REQUIREMENT >> Below are lines of data; restate word for word those running from the line containing "校内には、学びのあしあとがた" to the line containing "Luxurious 100 Red Roses in Round Glass Vase", inclusive, and no others.

INPUT >>
----

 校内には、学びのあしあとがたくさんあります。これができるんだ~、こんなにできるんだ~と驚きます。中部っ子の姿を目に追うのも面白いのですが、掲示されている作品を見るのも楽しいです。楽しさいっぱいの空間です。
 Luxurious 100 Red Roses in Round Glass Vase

----

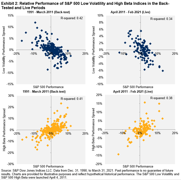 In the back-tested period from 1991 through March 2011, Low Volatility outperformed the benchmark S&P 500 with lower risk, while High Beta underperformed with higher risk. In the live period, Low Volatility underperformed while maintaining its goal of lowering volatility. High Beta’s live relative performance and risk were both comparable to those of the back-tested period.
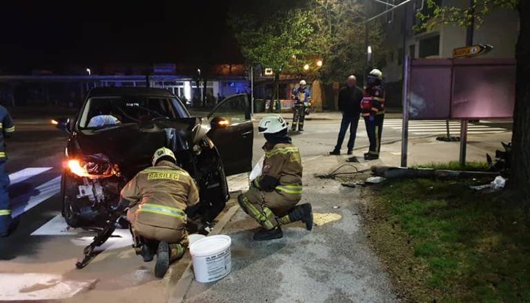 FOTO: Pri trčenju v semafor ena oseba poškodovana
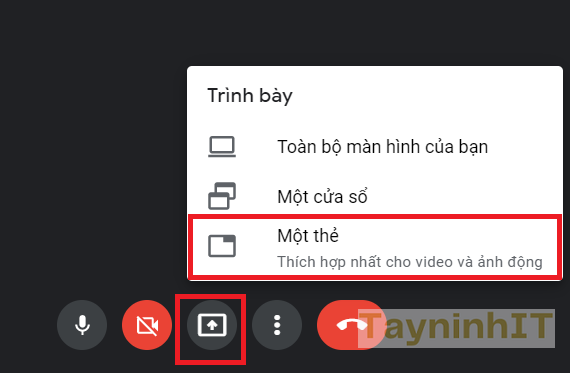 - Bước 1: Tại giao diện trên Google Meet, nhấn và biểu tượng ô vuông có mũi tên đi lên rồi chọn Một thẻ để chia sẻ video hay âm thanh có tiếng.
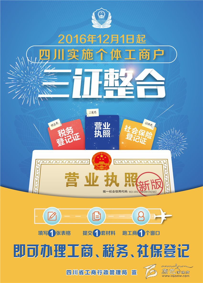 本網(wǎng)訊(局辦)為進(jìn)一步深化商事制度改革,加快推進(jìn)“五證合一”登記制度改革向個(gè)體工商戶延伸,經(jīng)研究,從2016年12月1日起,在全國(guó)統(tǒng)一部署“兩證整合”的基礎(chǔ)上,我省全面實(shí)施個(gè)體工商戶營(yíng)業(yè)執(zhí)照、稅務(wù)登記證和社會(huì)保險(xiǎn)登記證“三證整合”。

----

ANSWER FOR THE TASK >>
 校内には、学びのあしあとがたくさんあります。これができるんだ~、こんなにできるんだ~と驚きます。中部っ子の姿を目に追うのも面白いのですが、掲示されている作品を見るのも楽しいです。楽しさいっぱいの空間です。
 Luxurious 100 Red Roses in Round Glass Vase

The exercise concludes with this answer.